I'm writing a class in windows using visual studio, one of it's public function has a big for loop looks like below,
void brain_network_opencl::block_filter_fcd_all(int m)
{
const int m_block_len = m * block_len;
time_t start, end;
for (int j = 0; j < shift_2d_gpu[1]; j++) // local work size/number of rows per block
{
for (int i = 0; i < masksize; i++) // number of extracted voxels
{
if (j + m_block_len != i)
{
//if (floor(dst_ptr_gpu[i + j * masksize] * power_up) > threadhold_fcd)
if ((int)(dst_ptr_gpu[i + j * masksize] * power_up) > threadhold_fcd)
{
org_row = mask_ind[j + m_block_len];
org_col = mask_ind[i];
nodes.insert(org_row);
conns.insert(make_pair(org_row, org_col));
}
}
}
}
end = clock();
cout << end - start << "ms" << " for block" << j << endl;
}
where nodes
is std::set<set>
,conns
is std::multimap<int, int>
and mask_ind
is std::vector<int>
, they are declared as private variables as well as masksize and shift_2d_gpu;
Major time costs by floor
and .insert
;
The problem is, the same code (with all the variables) in a main function costs only 1/5~1 the time than it calls from here. And if I replace (int)
by floor
in both function and main(), it costs much more in this function;
What causes this problem and do I have to write it all inside a main()?
By the way does it has something to do with the overloads
?
floor
shows +3 overloads
and .insert
shows +5 overloads
updates
I copy the codes of this function to another new console project's main function.

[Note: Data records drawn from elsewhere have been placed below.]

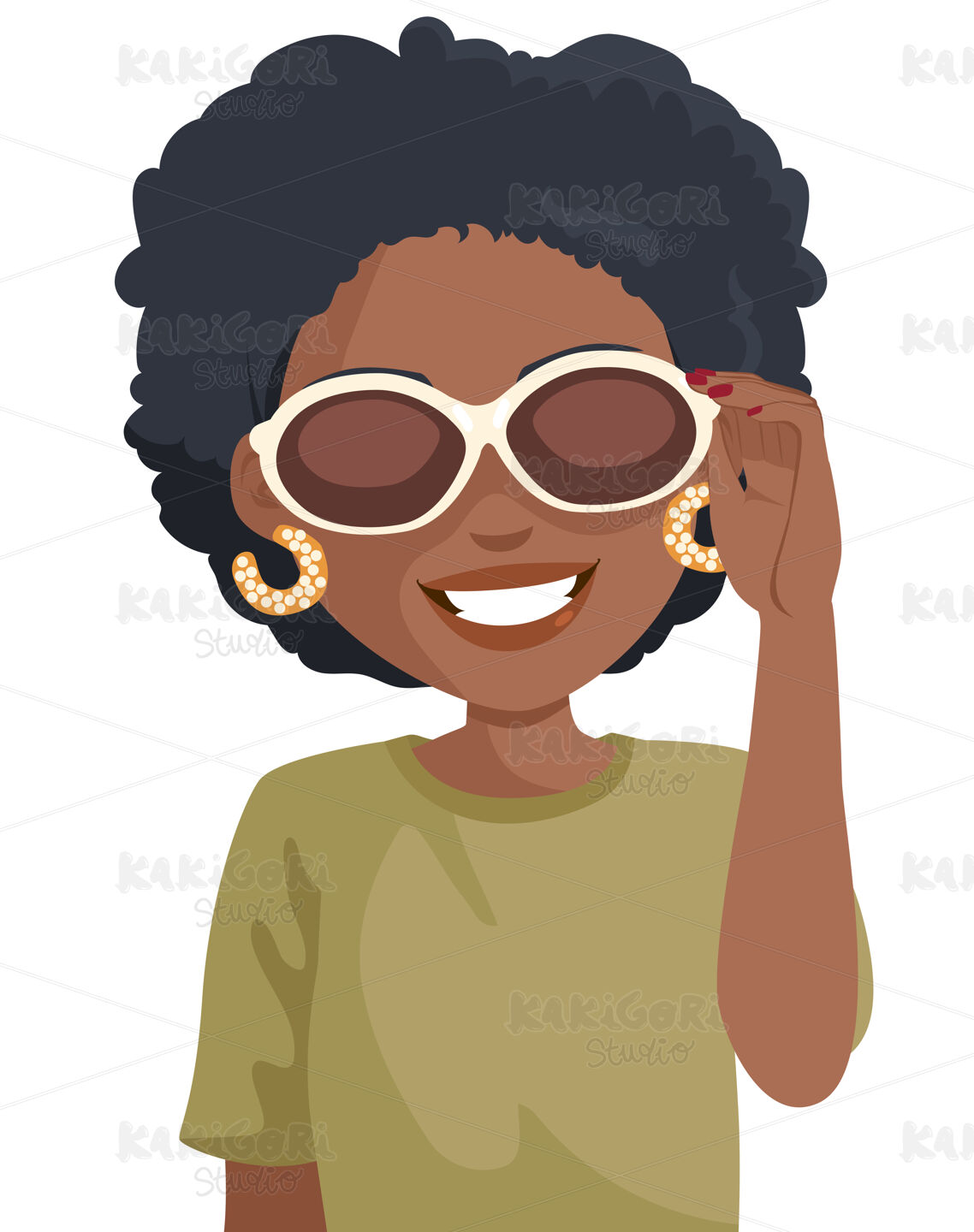 / Black Woman Wearing Sunglasses Clipart Vector Illustration 05327
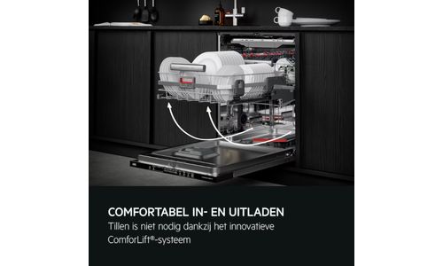 De nieuwe Comfortlift-vaatwasser van AEG is uniek: het is de eerste ter wereld die het onderste rek omhoog kan laten komen. Uw glanzende vaat en pannen worden behoedzaam naar een aangename werkhoogte gebracht; zodat u efficiënter kunt in- en uitladen. Met Comfortlift hebben we wassen in de vaatwasser naar een geheel nieuw niveau getild.
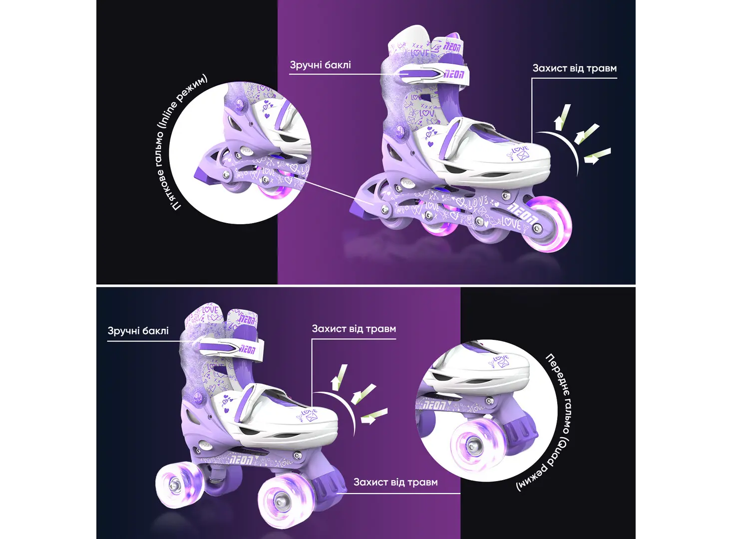 როლიკები Neon COMBO SKATES (SIZE 3-6) - NT10 (Purple)
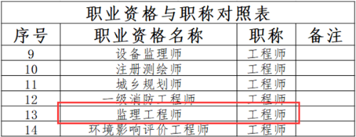 河南人社局發(fā)布《河南省人力資源社會保障廳關(guān)于工程技術(shù)人才職稱制度改革有關(guān)問題的通知》,文中提到,取得監(jiān)理工程師職業(yè)資格的人員,可直接聘任工程師。具體內(nèi)容如下:
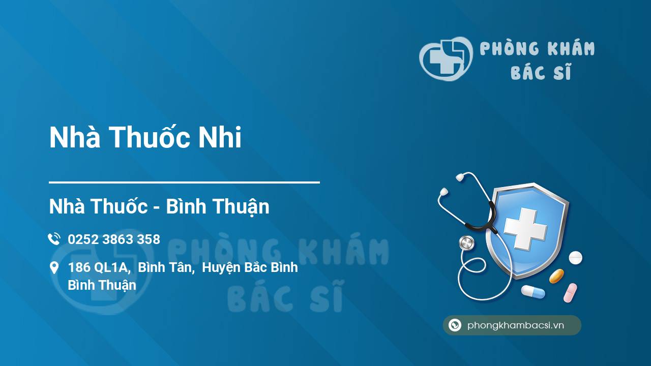 Nhà Thuốc Nhi là Hiệu thuốc tại Bình Thuận, có địa chỉ tại 186 QL1A, Bình Tân, Huyện Bắc Bình, Bình Thuận.
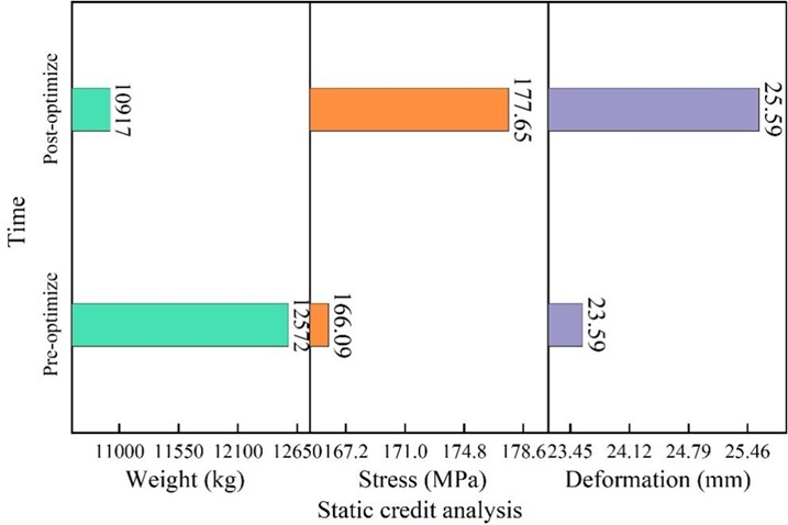 In order to deeply investigate whether the optimized main girder structure meets the strength and stiffness requirements of the crane, the optimized main girder structure model is subjected to static analysis. The comparison of the static analysis results before and after optimization is shown in Figure 6. The mass of the main girder before and after optimization is 12,572kg and 10,917kg respectively, which is reduced by 1,655kg, with an optimization rate of 13%, and the quality target optimization effect is remarkable. According to the “Crane Design Code” (GB/T 3811-2008) about the maximum static deflection of the main girder of the bridge crane \(\mathrm{\le}\) S/1000, the permissible static deflection should be less than 32mm, and the permissible stress should be less than 181Mpa.The maximum stress of the optimized main girder structure is 177.65Mpa, and the maximum deflection deformation of the span is 25.595mm, and the strength, stiffness calibration is passed. The optimized main girder structure meets the design requirements. Therefore, the main girder structure of the crane has better static characteristics and deformation resistance after optimization.
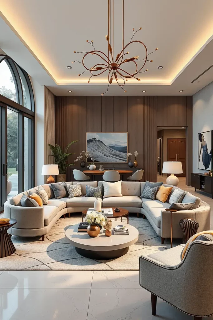 The ideas behind the remodelling of the living room in 2026 are taking the form of curved lines, which provide a touch of comfort and flow that many rectangular furniture lacks. Curved sofas, round coffee tables, and shaped chairs like organic forms are some of the things which make the room seem more softer and welcoming.
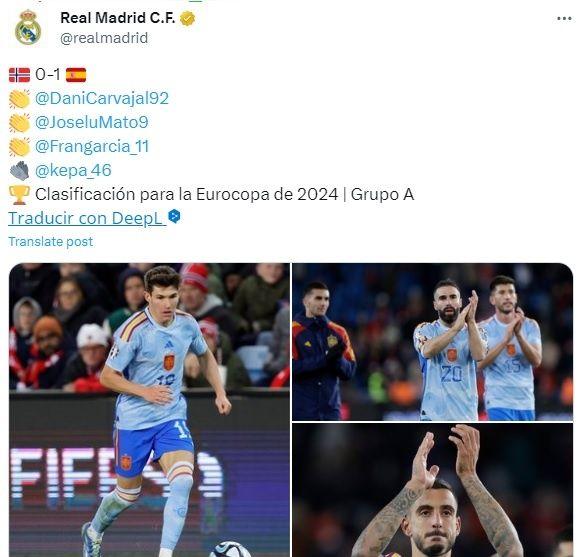 Incluso la cuenta oficial del Real Madrid ignoró a Gavi por alcanzar el tanto y meter a la Selección de España en la Eurocopa, sino que postearon a sus jugadores que fueron convocados por Luis de la Fuente y les extendió su felicitación por el logro conseguido. Los jugadores fueron Dani Carvajal, Joselu, Fran García y Kepa Arrizagalaga.
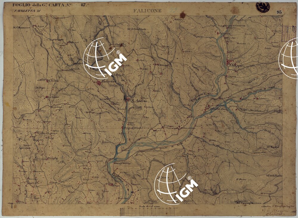 Rilievo regolare in 99 tavolette (minute di campagna) del territorio della Contea di Nizza. Il rilievo è dimostrato a curve orizzontali, tracciate all’equidistanza di 10 metri. Gli operatori furono ufficiali di armi diverse, probabilmente allievi della Scuola di S. M. : Avet, Albert, Borson, Basso, Bergalli, Costanze, Cordon, Ceva, Colli, Carderina, Cordero, Coda, Di Pralormo, Dal Pozzo, De Fornari, De Candia, D’Angennes, Escoffier, Federici, Falicon, Govone, La Grange, La Fleche, Muletti, Marazzano, Mazè, Morozzo, Mariani, Pictet, Ponzani, Piola Caselle, Righini, Rinaudo, Ricci, S. Andrea, Somis, Villamarina.
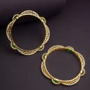 Embrace elegance with these opulent gold plated bangles adorned with intricate lattice work and captivating green gems. Perfect for elevating any outfit, these bangles are a must-have for every jewelry collection.
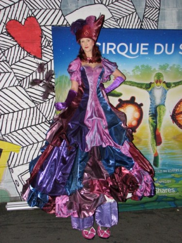 Next, just outside of Anno Domini, I came across this lovely performer from Cirque du Soleil. She was a hoot! So charming and funny, and made sure that I had her shoes in the shot. She had to be standing at 8 feet tall or so thanks to small stilts that she was balancing on. What was very interesting was that when I asked if I could take her picture, she held her pose so well, and after she said she was always in a constant state of motion because the stilts weren’t wide enough to relax on. The jewel colors of the dress are lovely and in her right hand is a small cluster of feathers (peacock maybe?) but from the picture it looks to me like she was holding the sting to the balloon that was painted onto the wall.
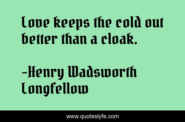 "Henry Wadsworth Longfellow Quotes." Quoteslyfe.com, 2025. Sat. 06 Dec. 2025. <https://www.quoteslyfe.com/quote/Love-keeps-the-cold-out-better-than-269963>.
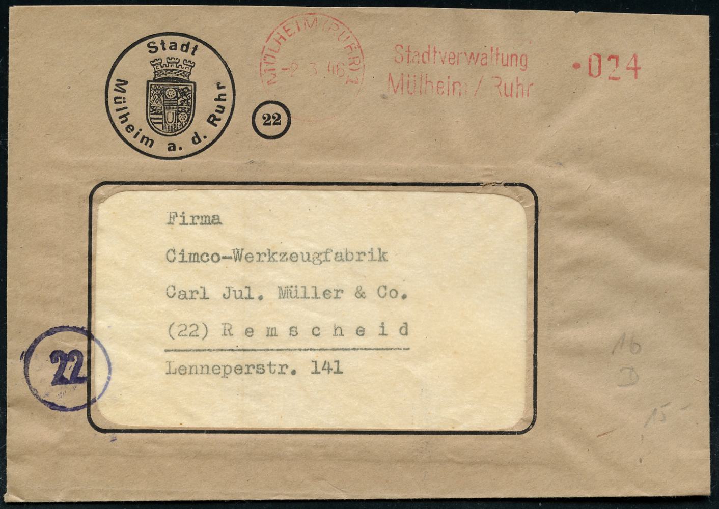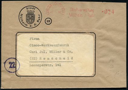 7530 | 25 € | 4330 Mülheim / Ruhr : MÜLHEIM (RUHR) 1/ Stadtverwaltung.. 1946 (2.3.) total aptierter AFS Francotyp = Wertrahmen komplett entfernt = Notmaßnahme! , Dienst-Fern-Bf.: Stadt Mühlheim a. d. Ruhr mit Stadtwappen (Dü.E-16-244o) | ![]() | |
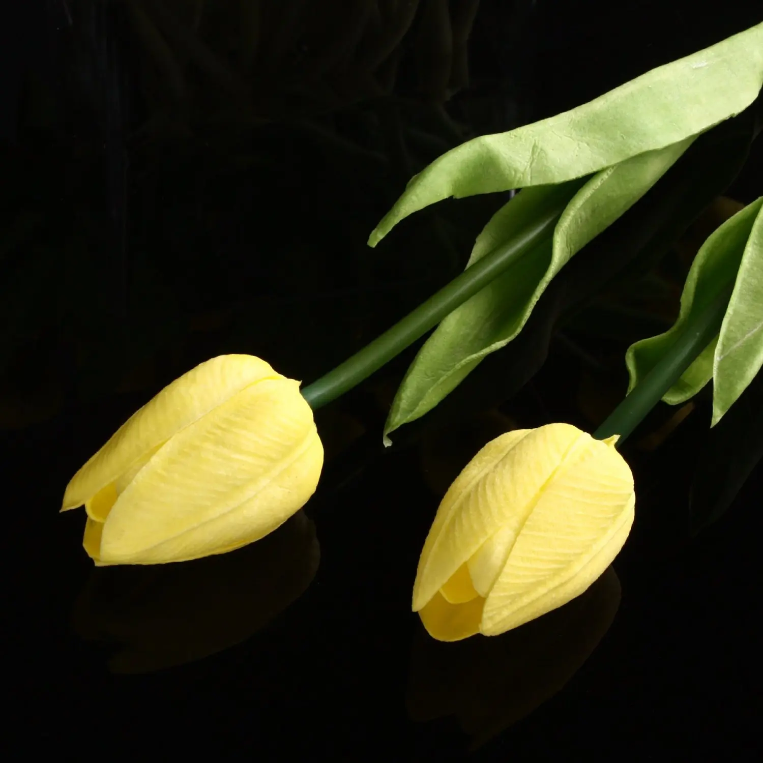 | Bestselling 10pcs Yellow Latex Tulip Flower with Leaves For Wedding Decorate |

It's still much slower than my first function (codes also in main)!!!
Now I'm confused...
It's there any settings that make floor
and .insert
faster?
updates 2014/03/31
It's because of the settings in Project Properties->Configuration Properties->C/C++->General->Debug Information Format, this value is set to P*rogram Database for Edit And Continue (/ZI)* as default and it is incompatible with a lot of optimizations according to msdn. If this value is set to Program Database (/Zi), the time cost of floor
wouldn't be 10 times of (int).
(I looked into Disassembly and found out that the length of codes (call floor
-> jmp floor
->different codes) are different when the setting is altered, that's the reason causes floor
and .insert
spent much more time than it should)